Paul Cocksedge designs 'living staircase'


Designer to create spiral staircase with added greenery for Soho office development


Over the past few years, offices have been quietly turning green. Living walls - walls planted with living vegetation - have become popular features, and now British designer Paul Cocksedge has designed a 'living' spiral staircase for an office in London's Soho.

L1

By removing the load-bearing pillar from the centre of a traditional staircase design, Cocksedge has created a series of hidden spaces at the centre of the wooden spiral structure, each devoted to its own specific activity, such as reading, drawing or picking fresh mint for tea.

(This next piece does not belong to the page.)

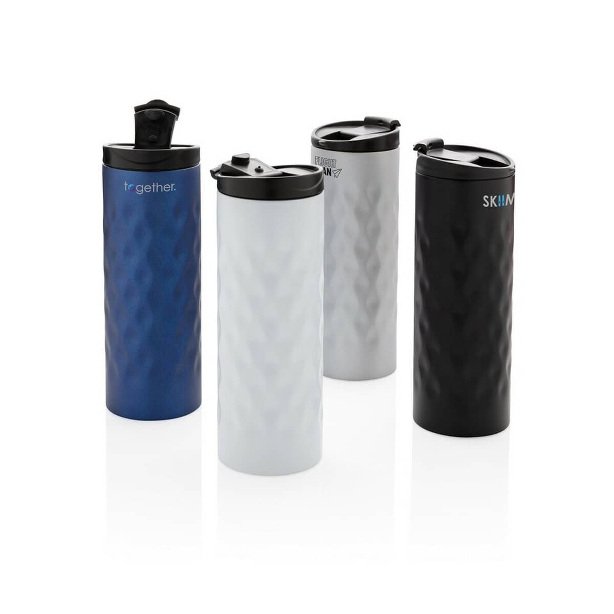 <pProdukt sprawdzi się w kampaniach employer branding, programach lojalnościowych, a także jako wyjątkowy upominek dla Twojej firmy – docenią go zarówno pracownicy biurowi, jak i kierowcy zawodowi czy studenci zabierający napoje na uczelnię. Jest znakomity na poranną kawę w drodze do pracy, izotoniczny napój po treningu lub aromatyczną herbatę podczas zimowego spaceru. Dzięki hermetycznej zakrętce nic się nie rozleje, a ergonomiczny kształt zapewnia pewny chwyt.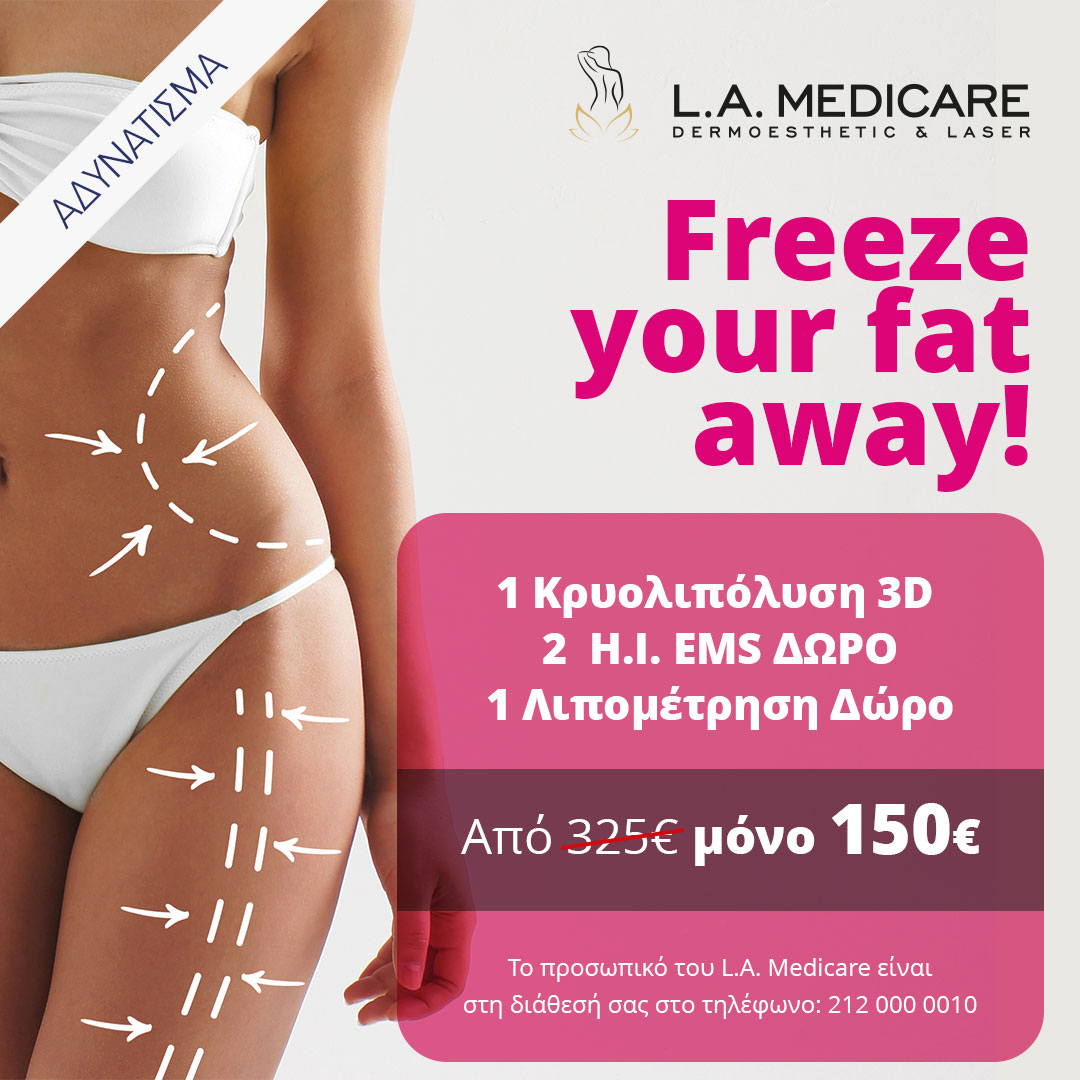 Το μηχάνημα της κρυολιπόλυσης που διαθέτουμε είναι 3D με πολύ μεγάλη απόδοση στην μείωση του τοπικού λίπους και 4 κεφαλών που μας δίνει την δυνατότητα τοποθέτησής τους σε ταυτόχρονα διαφορετικά σημεία εφ’ όσον χρειάζεται.

Plants along the balustrade are not merely for decoration but are intended to be a working garden, each plant being tended to by individual members of the building's community.

L2

Each element of the staircase is designed to relate to the people using it, providing a dynamic centrepiece for Darling Associates-designed office development, which is owned by Resolution Property and is called Ampersand.

S3

Cocksedge says of the project: 'The Living Staircase is actually a combination of staircase and room, of movement and stillness, vertical and horizontal. At every turn there is an opportunity to stop and look, smell, read, write, talk, meet, think, and rest. If a staircase is essentially about going from A to B, there is now a whole world living and breathing in the space between the two.'

Cocksedge Studio is working in partnership with Arup to create the staircase.